UGI provided an adjusted EPS guidance range of $2.75-$2.95 per diluted share for the fiscal year ending September 30, 2019 1. This guidance range assumes normal weather, based upon a 15-year average, and excludes mark-to-market gains and losses on commodity and certain foreign currency derivative instruments.
EARNINGS CALL and WEBCAST
UGI Corporation will hold a live Internet Audio Webcast of its conference call to discuss fiscal 2018 earnings and other current activities at 9:00 AM ET on Tuesday, November 13, 2018. Interested parties may listen to the audio webcast both live and in replay on the Internet at http://www.ugicorp.com/investor-relations/events-and-presentations/default.aspx or at the company website http://www.ugicorp.com under Investor Relations. A telephonic replay will be available from 12:00 PM ET on November 13 through 11:59 PM ET on November 20. The replay may be accessed at (855) 859-2056, and internationally at 1-404-537-3406, conference ID 8897959.
UGI is a distributor and marketer of energy products and services. Through subsidiaries, UGI operates natural gas and electric utilities in Pennsylvania, distributes propane both domestically and internationally, manages midstream energy and electric generation assets in Pennsylvania, and engages in energy marketing in ten states, the District of Columbia and internationally in France, Belgium, the Netherlands and the UK. UGI, through subsidiaries, is the sole General Partner and owns 26% of AmeriGas Partners, L.P. (NYSE: APU), the nation’s largest retail propane distributor.

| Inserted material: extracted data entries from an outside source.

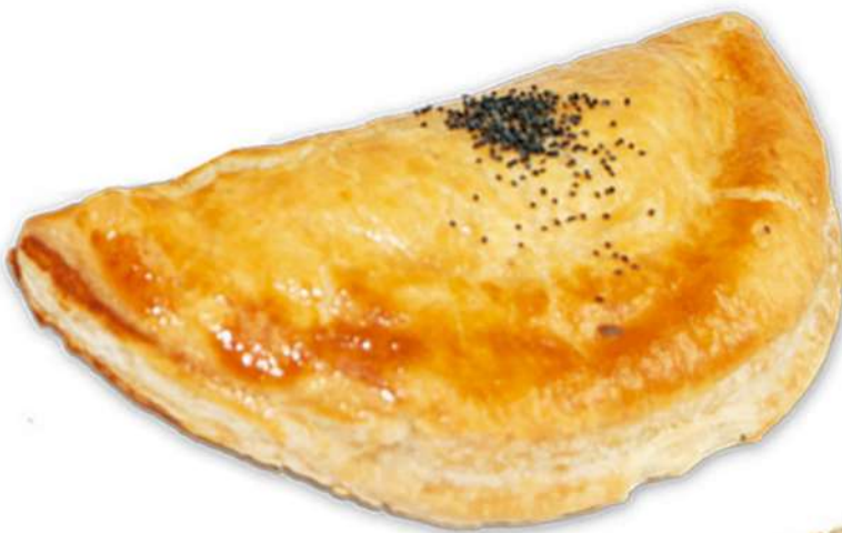
Empanadilla Hojaldre Caja 24 Unidades. 140 gr. Aprox.
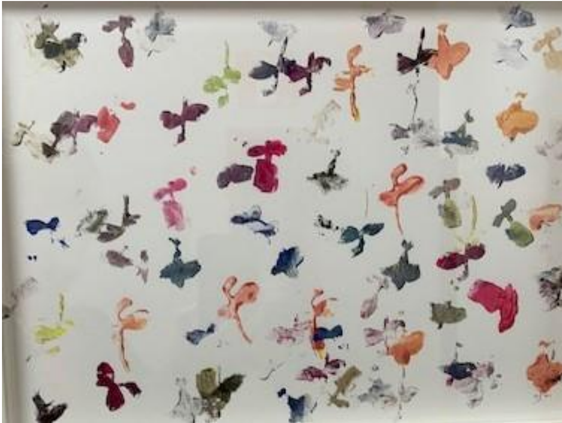
“Sin título” gouache sobre papel 30 x 40cm de Javier Segura.
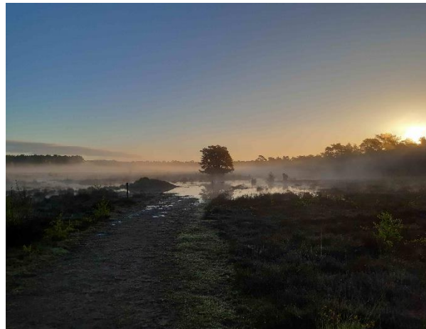
Aandacht voor het Vogelwandelboekje in de krant.

Comprehensive information about UGI Corporation is available on the Internet at http://www.ugicorp.com.
USE OF NON-GAAP MEASURES
Management uses “adjusted net income attributable to UGI Corporation” and “adjusted diluted earnings per share,” both of which are non-GAAP financial measures, when evaluating UGI’s overall performance. For the periods presented, adjusted net income attributable to UGI Corporation is net income attributable to UGI Corporation after excluding net after-tax gains and losses on commodity and certain foreign currency derivative instruments not associated with current-period transactions (principally comprising changes in unrealized gains and losses on such derivative instruments), losses associated with extinguishments of debt, Finagaz integration expenses, impairments of tradenames and trademarks at AmeriGas, and the remeasurement impact on net deferred tax liabilities from changes in U.S. and French tax rates. Volatility in net income at UGI can occur as a result of gains and losses on commodity and certain foreign currency derivative instruments not associated with current-period transactions but included in earnings in accordance with U.S. generally accepted accounting principles (“GAAP”).
Non-GAAP financial measures are not in accordance with, or an alternative to, GAAP and should be considered in addition to, and not as a substitute for, the comparable GAAP measures. Management believes that these non-GAAP measures provide meaningful information to investors about UGIs performance because they eliminate the impact of (1) gains and losses on commodity and certain foreign currency derivative instruments not associated with current-period transactions and (2) other significant discrete items that can affect the comparison of period-over-period results.
Tables on the last page reconcile net income attributable to UGI Corporation, the most directly comparable GAAP measure, to adjusted net income attributable to UGI Corporation, and diluted earnings per share, the most comparable GAAP measure, to adjusted diluted earnings per share, to reflect the adjustments referred to above.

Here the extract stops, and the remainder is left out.